ASSIGNMENT => Print, from the listing below, the lines starting at the line containing "I wrote simple" and ending at the line containing "เปิดจอง พระผงนั่งตั้งเจริญพร หลวงปู่บุญมา", exactly as they stand, and print nothing else.

RECORDS SUPPLIED =>
§
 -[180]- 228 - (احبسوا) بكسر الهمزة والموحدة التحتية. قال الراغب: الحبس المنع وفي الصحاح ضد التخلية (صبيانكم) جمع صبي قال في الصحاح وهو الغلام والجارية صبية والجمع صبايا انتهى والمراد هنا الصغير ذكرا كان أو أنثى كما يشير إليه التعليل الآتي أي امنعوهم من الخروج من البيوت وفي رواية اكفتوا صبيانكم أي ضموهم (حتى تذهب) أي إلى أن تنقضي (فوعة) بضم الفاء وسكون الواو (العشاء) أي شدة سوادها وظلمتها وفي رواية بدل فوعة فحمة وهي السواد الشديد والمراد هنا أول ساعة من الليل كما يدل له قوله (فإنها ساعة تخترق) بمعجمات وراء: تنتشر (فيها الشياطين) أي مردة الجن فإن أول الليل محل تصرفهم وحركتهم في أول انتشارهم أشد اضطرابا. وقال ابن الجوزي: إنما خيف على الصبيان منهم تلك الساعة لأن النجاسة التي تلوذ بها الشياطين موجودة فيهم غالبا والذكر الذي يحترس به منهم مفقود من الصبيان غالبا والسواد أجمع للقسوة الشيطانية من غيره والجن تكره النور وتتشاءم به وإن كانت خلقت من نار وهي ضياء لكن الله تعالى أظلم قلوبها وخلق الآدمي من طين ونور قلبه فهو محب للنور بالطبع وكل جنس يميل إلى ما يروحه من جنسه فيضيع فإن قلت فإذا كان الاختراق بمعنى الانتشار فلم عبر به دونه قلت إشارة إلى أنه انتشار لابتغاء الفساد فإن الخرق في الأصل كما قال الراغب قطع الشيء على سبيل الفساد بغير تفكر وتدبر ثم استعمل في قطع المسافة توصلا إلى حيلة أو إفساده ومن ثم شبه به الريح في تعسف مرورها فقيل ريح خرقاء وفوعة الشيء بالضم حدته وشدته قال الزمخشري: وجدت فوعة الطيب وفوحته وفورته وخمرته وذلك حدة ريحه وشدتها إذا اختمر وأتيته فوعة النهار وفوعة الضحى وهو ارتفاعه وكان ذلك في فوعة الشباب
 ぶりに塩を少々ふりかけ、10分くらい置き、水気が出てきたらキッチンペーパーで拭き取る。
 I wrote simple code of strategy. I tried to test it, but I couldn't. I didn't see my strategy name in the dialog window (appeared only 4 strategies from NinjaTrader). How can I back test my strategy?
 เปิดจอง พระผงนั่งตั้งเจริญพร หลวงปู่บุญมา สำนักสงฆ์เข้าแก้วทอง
§
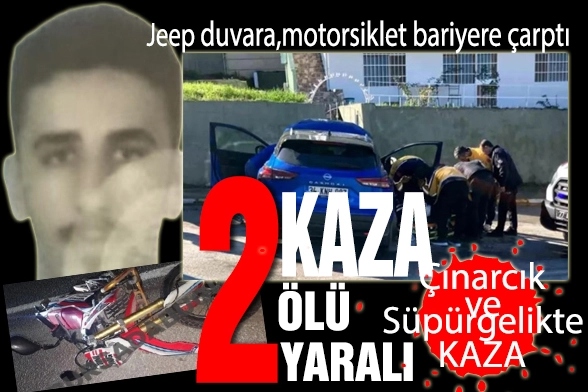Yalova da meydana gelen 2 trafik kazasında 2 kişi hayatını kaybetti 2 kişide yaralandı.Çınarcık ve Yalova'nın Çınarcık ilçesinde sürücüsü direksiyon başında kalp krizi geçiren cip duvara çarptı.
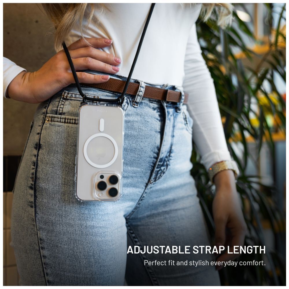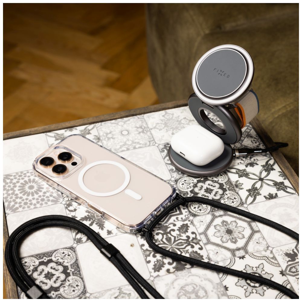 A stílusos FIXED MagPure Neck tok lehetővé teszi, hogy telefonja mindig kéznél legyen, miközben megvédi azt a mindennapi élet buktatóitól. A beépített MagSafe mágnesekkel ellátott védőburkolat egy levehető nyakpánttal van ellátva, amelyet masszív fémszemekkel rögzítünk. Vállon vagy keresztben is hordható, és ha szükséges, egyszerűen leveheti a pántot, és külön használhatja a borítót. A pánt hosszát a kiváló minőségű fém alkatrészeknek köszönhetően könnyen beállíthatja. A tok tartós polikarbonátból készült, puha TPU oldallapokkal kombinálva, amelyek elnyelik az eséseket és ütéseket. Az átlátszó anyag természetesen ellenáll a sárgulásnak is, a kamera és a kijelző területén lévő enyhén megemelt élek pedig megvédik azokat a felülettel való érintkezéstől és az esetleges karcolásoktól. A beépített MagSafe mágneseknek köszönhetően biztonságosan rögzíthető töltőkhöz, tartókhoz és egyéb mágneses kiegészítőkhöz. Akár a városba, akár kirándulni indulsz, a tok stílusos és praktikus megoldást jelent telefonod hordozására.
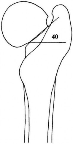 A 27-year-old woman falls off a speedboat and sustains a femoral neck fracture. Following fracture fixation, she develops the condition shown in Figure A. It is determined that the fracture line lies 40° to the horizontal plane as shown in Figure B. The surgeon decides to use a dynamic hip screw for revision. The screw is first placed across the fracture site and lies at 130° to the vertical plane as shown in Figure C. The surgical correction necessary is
§
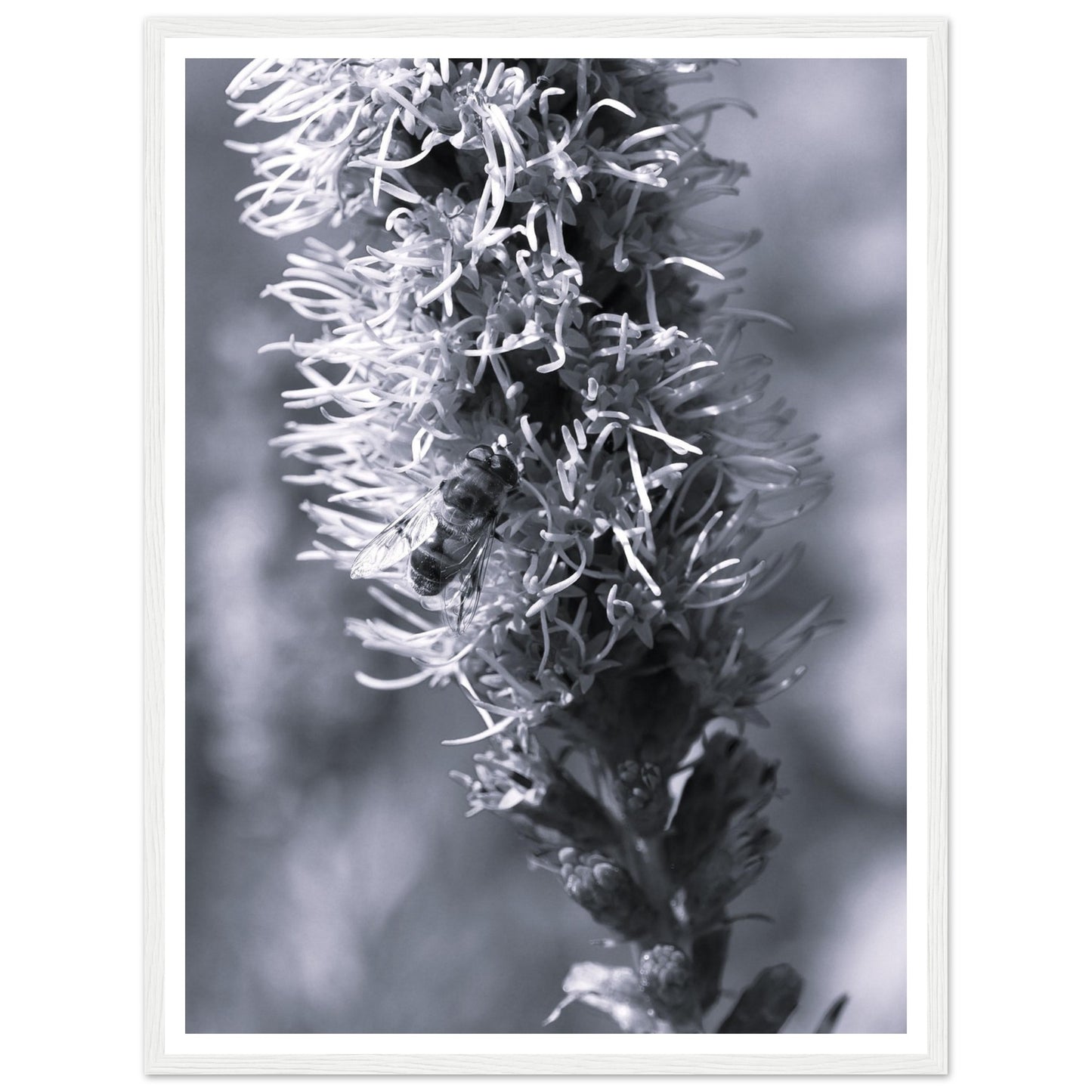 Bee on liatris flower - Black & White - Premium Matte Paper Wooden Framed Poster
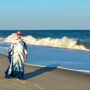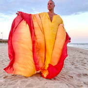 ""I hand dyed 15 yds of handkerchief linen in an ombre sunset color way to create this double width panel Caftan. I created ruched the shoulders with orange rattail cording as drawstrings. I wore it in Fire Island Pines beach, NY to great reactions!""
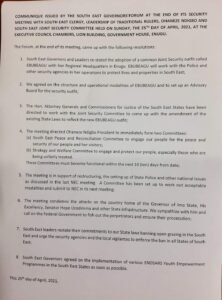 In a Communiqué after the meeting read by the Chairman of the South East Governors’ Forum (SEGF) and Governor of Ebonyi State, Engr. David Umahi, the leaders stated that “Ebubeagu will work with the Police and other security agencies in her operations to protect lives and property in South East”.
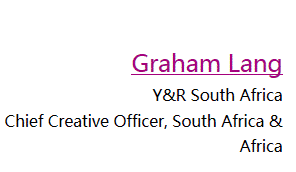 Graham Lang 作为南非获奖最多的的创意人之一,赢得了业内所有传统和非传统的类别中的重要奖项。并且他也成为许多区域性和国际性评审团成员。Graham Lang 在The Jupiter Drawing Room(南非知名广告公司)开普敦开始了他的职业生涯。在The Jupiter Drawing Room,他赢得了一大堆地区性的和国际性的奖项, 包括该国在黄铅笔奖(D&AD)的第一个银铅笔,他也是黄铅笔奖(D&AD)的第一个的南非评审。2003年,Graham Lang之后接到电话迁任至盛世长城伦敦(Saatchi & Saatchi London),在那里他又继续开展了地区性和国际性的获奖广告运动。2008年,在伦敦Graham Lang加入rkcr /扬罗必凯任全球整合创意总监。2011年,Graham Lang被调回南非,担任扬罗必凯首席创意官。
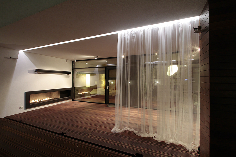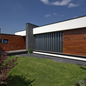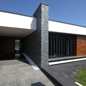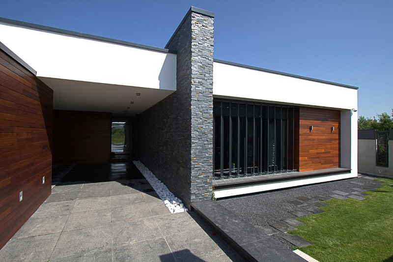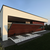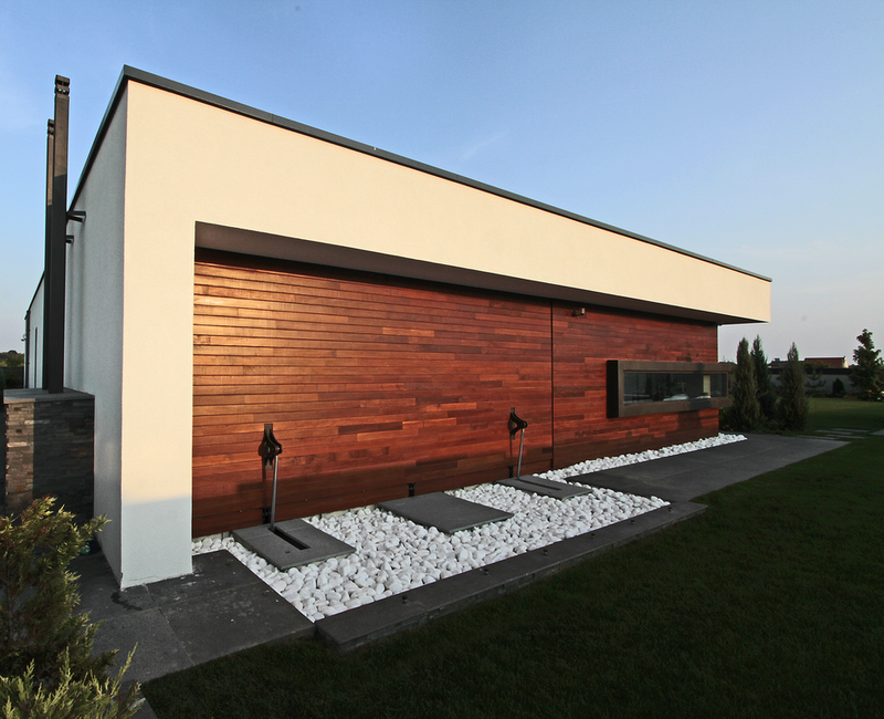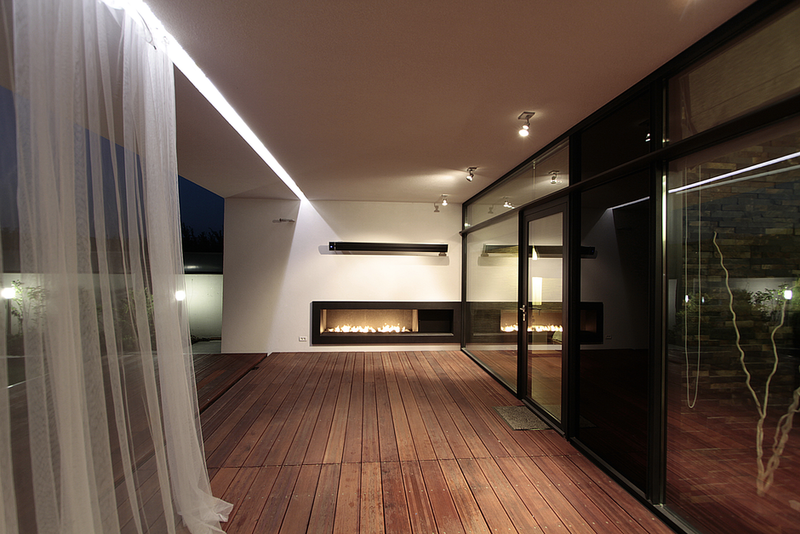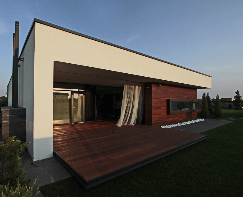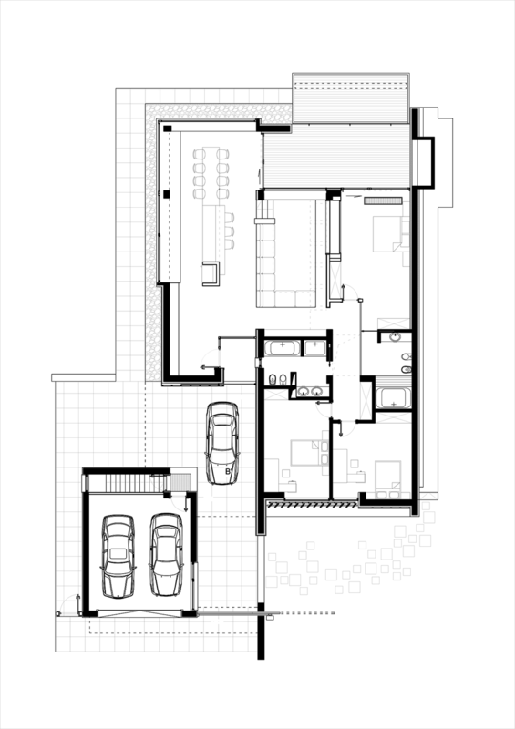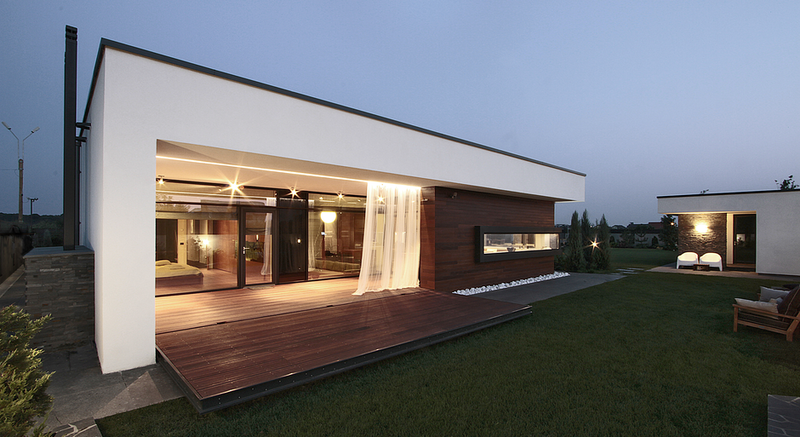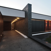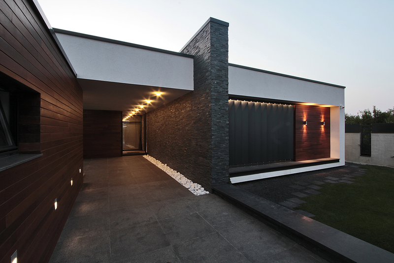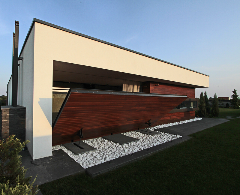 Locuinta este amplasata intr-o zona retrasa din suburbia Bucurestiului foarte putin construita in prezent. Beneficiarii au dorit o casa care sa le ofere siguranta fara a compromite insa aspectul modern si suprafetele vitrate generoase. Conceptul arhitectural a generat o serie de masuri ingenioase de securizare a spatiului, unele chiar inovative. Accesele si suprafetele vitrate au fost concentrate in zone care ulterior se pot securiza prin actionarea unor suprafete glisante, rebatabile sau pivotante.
§
ANSWER SECTION =>
 I wrote simple code of strategy. I tried to test it, but I couldn't. I didn't see my strategy name in the dialog window (appeared only 4 strategies from NinjaTrader). How can I back test my strategy?
 เปิดจอง พระผงนั่งตั้งเจริญพร หลวงปู่บุญมา สำนักสงฆ์เข้าแก้วทอง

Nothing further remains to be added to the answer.